How can we find all functions g such that $g(B_t)$ is a martingale? (assume g(x) is twice continuously differentiable). Let $X_t$ = $g(B_t)$, by using the Ito formula, I get
$dX_t$ = $f_{B}'$($B_t$)$dB_t$ + $\frac{1}{2}$$f_{BB}''$($B_t$)dt, then by integrating both sides, I obtain X$_t$ = g(t) + $\frac{1}{2}$$g_{B}'$(B$_t$) $-$ $\frac{1}{2}$$g_{B}'$(0). It requires that $\textbf{E}$[X$_t$|$\mathcal{F}_s$] = X$_s$ for t $\geq$ s.
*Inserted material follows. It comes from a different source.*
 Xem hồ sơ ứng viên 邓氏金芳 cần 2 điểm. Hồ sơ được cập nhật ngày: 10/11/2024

It follows that we need $\textbf{E}$[g(t) - g(s) + $\frac{1}{2}$[$g_B'$(B$_t$) - $g_B'$(B$_s$)] | $\mathcal{F}_s$] = 0.
Is it correct? Not sure how to continue to solve it. Any suggestion?
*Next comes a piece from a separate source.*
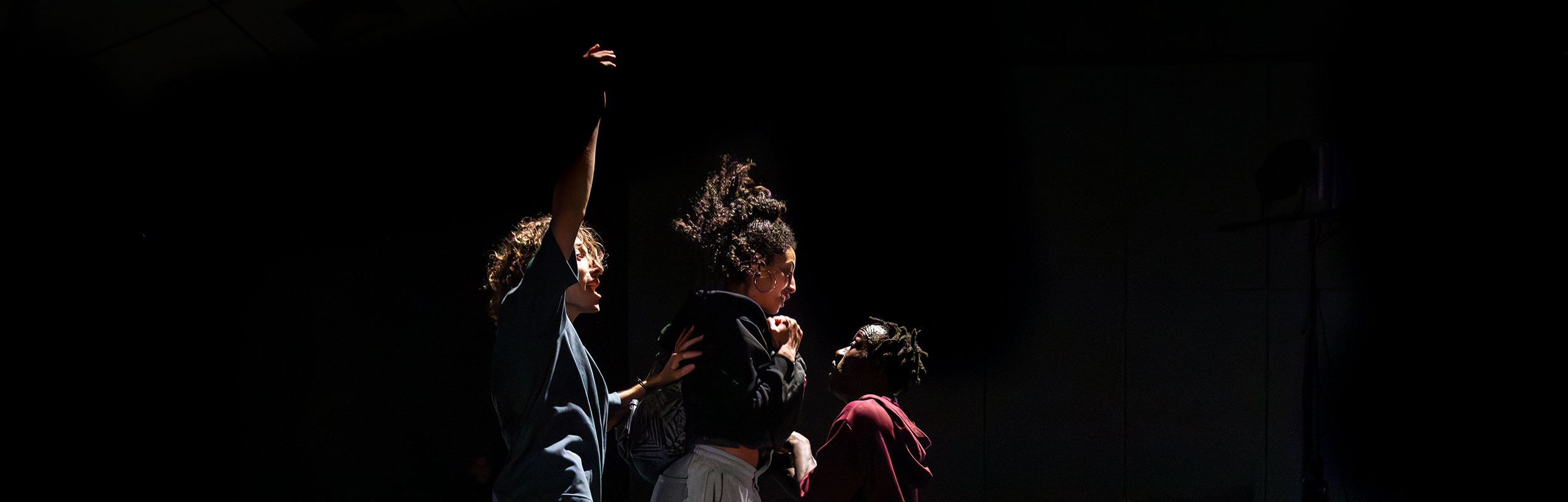 Il y a tant à dire à l’âge adolescent, tant à partager sur soi et le monde, tant à taire aussi. Chaotique, musicale, continue, heurtée, la prise de parole adolescente est singulière, sauvage et précieuse. Elle se heurte aux autres, aux attentes, aux discours adultes. Verbale tout autant que corporelle, imagée tout autant que silencieuse, elle dit le monde… mais l’entendons-nous ? Entourée de 4 gradins, la scène devient une agora, un ring. Ici 3 jeunes adultes, comédien·nes et danseur·seuses, empreint·es encore de l’adolescence, tentent de trouver une forme à leur silence. Ensemble, ils cherchent, tentent de dépasser la difficulté de nommer, de verbaliser. Ils résistent, tâtonnent, se taisent. C’est en empruntant d’autres voix-voies : la course, la danse, la lutte, le chant, le regard… qu’ils disent. C’est en inventant, en jouant dans un rythme soutenu et joyeux qu’ils façonnent leur propre langage et se racontent, nous racontent.

Your integration of both sides doesn't make any sense to me. You should get $$X_t = g(0) + \int_0^t g'(B_s)\,dB_s + \frac{1}{2} \int_0^t g''(B_s)\,ds$$ and then observe that a martingale has zero bounded variation part, so you will get a martingale only if the last term on the right side vanishes. You also need to ensure that the $dB_s$ term is a martingale, and not just a local martingale. That should give you an idea of an appropriate condition on $g$...